CECHE Center for Communications, Health and the Environment
Summer 2006 Vol. 14, Issue 1
Examining the Links Between Diet and Cancer


Diet and Cancer: What Have We Learned?


In the mid-1970s, the U.S. National Cancer Institute initiated a Diet and Cancer Program to support investigations in this largely unexplored area. Over the last 25 years, scientific reports on nutrition and cancer relationships have appeared with increasing frequency. What has this body of research revealed?

An Historical Perspective
Many of the earliest studies in the field of diet and cancer were ecologic, examining correlations between cancer rates and cross-sectional dietary exposures, generally based on dietary surveys or national food consumption data and corresponding incidence or mortality rates. Among the earliest was a study by Armstrong and Doll in 1975, which suggested that higher consumption of meat might predispose to colon cancer and that higher intake of dietary fat might predispose to breast cancer.

Subsequent studies emphasized the case-control approach, in which patients with particular types of cancer and suitably matched controls were interviewed about their diets prior to the onset of the disease.
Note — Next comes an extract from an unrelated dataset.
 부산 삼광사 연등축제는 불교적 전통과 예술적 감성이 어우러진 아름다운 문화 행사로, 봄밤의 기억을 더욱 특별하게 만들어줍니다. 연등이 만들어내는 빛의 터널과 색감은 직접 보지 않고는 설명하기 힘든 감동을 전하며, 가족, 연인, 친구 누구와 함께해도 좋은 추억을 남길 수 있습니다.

Because dietary recall can be biased (inadvertent overestimation or underestimation by cases relative to controls), many investigators initiated large prospective cohorts, such as the renowned Nurses Health Study at Harvard University and the Cancer Prevention Study of the American Cancer Society, as well as the more recent Multiethnic Cohort Study of Diet and Cancer, and the European Prospective Investigation into Cancer and Nutrition (EPIC). While much more costly, these studies obtain dietary information from subjects prior to the onset of illness, thereby obviating the potential recall bias of case-control studies.

Increasingly frequent reports from cohort studies since the 1990s have been crucial to establishing most of the diet-cancer relationships noted below. Although intervention studies (randomized control trials) are considered the ultimate means to explore the relationship of an exposure like diet to cancer, such investigations also have limitations and are rare, due to their enormous cost, difficulty to implement, and the impracticality of testing more than a single exposure level in one study.
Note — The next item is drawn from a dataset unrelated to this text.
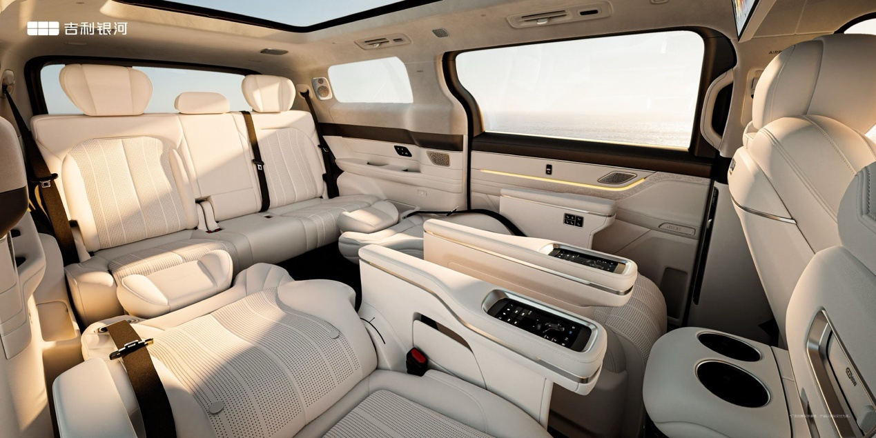 内饰空间布局上,银河V900提供6/7/8座三种选择,二排与三排空间均超过1013mm,后备箱容积达1100L。座椅采用Nappa全粒面真皮包裹,支持加热、通风、SPA级按摩及电动调节功能,后排配备17.3英寸娱乐屏。科技配置方面,新车搭载Flyme Auto 2.0车机系统,内置骁龙8295P旗舰芯片,集成DeepSeek与吉利自研星睿AI大模型,全车配备4个50W风冷无线快充。

Can Diet Increase Cancer Risk?
Many early case-control studies suggested a role of dietary fat, especially saturated fat, in the etiology of cancers at several sites, especially the breast, prostate and colorectum (large bowel). Because the major sources of saturated fat in most Western diets are meat (notably red meat) and whole dairy products, these food groups in particular were implicated. However, subsequent cohort studies have been less supportive of this association. Furthermore, a 2006 report from an intervention trial, the Women’s Health Initiative, failed to show a reduced risk of breast or colorectal cancer in women who followed a low-fat diet (though the women only maintained an average fat intake of 29 percent of calories, which is not particularly low). Thus, the role of dietary fat per se in these cancers remains unclear. Nevertheless, there is a strong biologic rationale for such an effect, and supportive data from animal studies, so the hypothesis remains viable.

Other dietary constituents that may increase the risk of cancer include the heterocyclic amines and polycyclic hydrocarbons formed in meats cooked at high temperature or charcoal-broiled, and nitrosamines that can be formed from foods preserved with nitrates or nitrites (such as processed meats). An established carcinogen for humans is aflatoxin, a substance produced by molds that can contaminate improperly stored ground nuts, legumes and grains.
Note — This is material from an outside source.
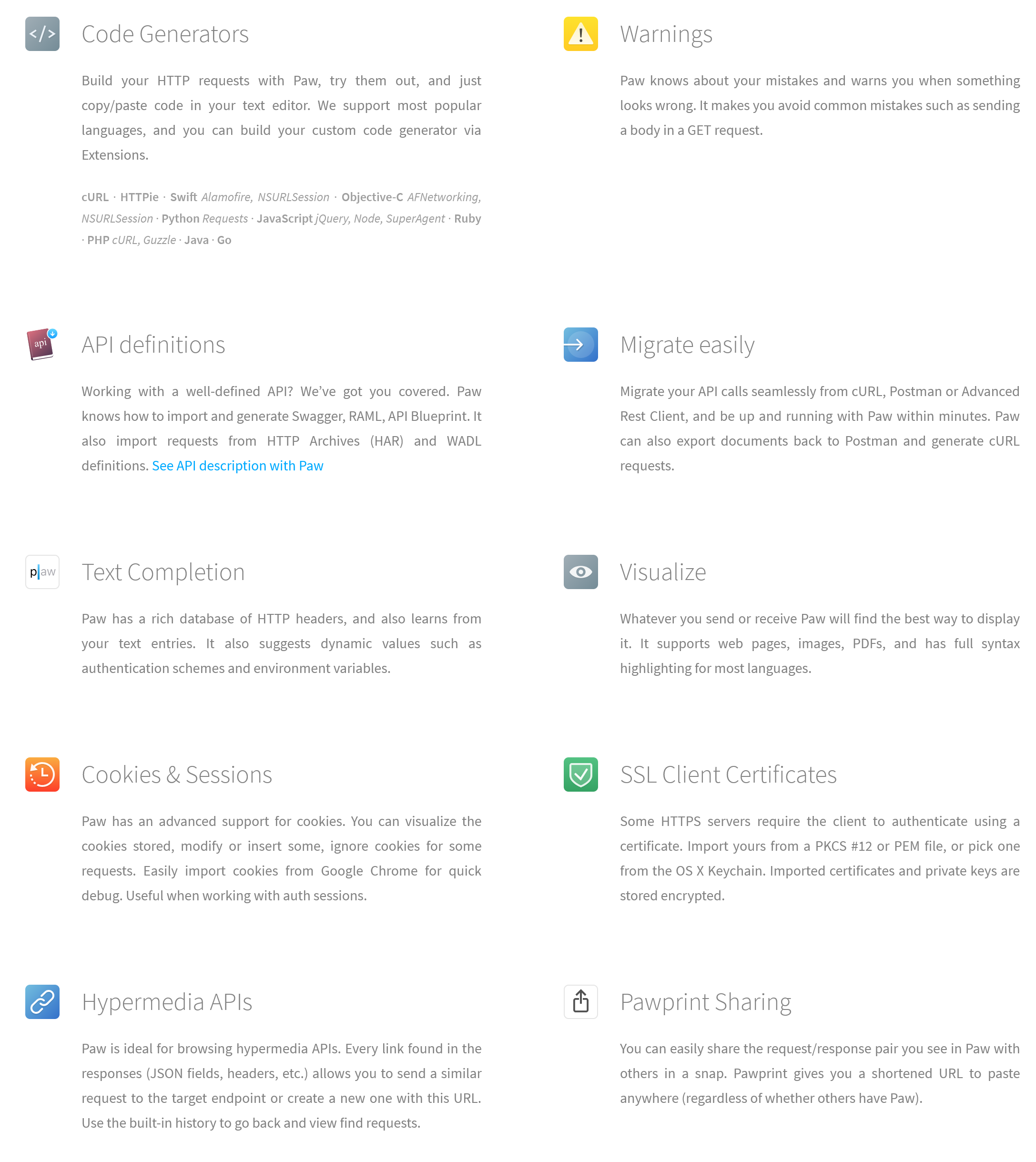 Paw — Mac-приложение для работы с API различных веб-сервисов и приложений. Где сразу встроен HTTP-клиент для отправки самых различных запросов, удобно работать с API и есть возможность командной разработки.

Obesity, which reflects an energy imbalance in the body, is clearly associated with several cancers, including those of the colon, endometrium, breast (in postmenopausal women), lower esophagus, kidney and gallbladder. And obesity is a growing global problem. Today, in the United States alone, more than 60 percent of adults are estimated to be overweight, with half of them classified as obese. And the developing world has not been spared: Obesity rates in India are now estimated at 15 percent.